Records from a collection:
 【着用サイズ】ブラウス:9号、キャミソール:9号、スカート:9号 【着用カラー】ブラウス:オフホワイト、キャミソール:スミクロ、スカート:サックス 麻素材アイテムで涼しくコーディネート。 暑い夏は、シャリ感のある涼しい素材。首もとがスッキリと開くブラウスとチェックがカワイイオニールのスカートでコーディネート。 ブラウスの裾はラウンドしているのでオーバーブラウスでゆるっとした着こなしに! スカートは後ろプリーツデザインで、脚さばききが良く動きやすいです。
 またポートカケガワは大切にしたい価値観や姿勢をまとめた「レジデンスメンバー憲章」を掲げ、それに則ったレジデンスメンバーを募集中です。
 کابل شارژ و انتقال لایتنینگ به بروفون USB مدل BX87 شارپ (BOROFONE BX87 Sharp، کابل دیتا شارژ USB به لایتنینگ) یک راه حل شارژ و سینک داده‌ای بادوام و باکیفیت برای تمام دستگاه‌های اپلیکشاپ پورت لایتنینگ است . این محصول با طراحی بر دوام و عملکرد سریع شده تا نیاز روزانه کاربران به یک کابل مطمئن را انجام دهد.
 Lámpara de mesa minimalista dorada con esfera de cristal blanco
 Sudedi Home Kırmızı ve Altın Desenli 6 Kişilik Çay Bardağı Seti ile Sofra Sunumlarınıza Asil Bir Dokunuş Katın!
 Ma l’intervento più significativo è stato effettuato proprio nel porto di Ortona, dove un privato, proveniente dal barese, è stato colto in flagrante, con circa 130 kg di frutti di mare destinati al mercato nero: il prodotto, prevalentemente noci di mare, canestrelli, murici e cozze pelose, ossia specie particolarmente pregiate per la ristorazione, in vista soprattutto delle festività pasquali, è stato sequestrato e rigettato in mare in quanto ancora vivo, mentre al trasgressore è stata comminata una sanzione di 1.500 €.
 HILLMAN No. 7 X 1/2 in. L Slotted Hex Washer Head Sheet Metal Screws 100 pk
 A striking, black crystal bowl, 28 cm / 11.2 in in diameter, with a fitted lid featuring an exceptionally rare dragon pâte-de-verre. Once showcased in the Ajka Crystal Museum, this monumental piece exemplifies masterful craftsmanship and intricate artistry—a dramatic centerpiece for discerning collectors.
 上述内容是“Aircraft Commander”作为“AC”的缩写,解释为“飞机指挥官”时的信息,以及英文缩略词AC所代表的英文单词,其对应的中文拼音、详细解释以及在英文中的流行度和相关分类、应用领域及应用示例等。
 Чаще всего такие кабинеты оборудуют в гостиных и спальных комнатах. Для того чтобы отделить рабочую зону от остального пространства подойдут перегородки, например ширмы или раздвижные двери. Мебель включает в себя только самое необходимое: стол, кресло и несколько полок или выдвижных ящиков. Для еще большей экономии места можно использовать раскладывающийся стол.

PROBLEM REQUIREMENTS |
From the entries above, print the lines beginning at the one with "またポートカケガワは大切にし" and stopping after the one with "Ma l’intervento più", exactly as written and with nothing else.

SOLUTION FOR THIS EXERCISE |
 またポートカケガワは大切にしたい価値観や姿勢をまとめた「レジデンスメンバー憲章」を掲げ、それに則ったレジデンスメンバーを募集中です。
 کابل شارژ و انتقال لایتنینگ به بروفون USB مدل BX87 شارپ (BOROFONE BX87 Sharp، کابل دیتا شارژ USB به لایتنینگ) یک راه حل شارژ و سینک داده‌ای بادوام و باکیفیت برای تمام دستگاه‌های اپلیکشاپ پورت لایتنینگ است . این محصول با طراحی بر دوام و عملکرد سریع شده تا نیاز روزانه کاربران به یک کابل مطمئن را انجام دهد.
 Lámpara de mesa minimalista dorada con esfera de cristal blanco
 Sudedi Home Kırmızı ve Altın Desenli 6 Kişilik Çay Bardağı Seti ile Sofra Sunumlarınıza Asil Bir Dokunuş Katın!
 Ma l’intervento più significativo è stato effettuato proprio nel porto di Ortona, dove un privato, proveniente dal barese, è stato colto in flagrante, con circa 130 kg di frutti di mare destinati al mercato nero: il prodotto, prevalentemente noci di mare, canestrelli, murici e cozze pelose, ossia specie particolarmente pregiate per la ristorazione, in vista soprattutto delle festività pasquali, è stato sequestrato e rigettato in mare in quanto ancora vivo, mentre al trasgressore è stata comminata una sanzione di 1.500 €.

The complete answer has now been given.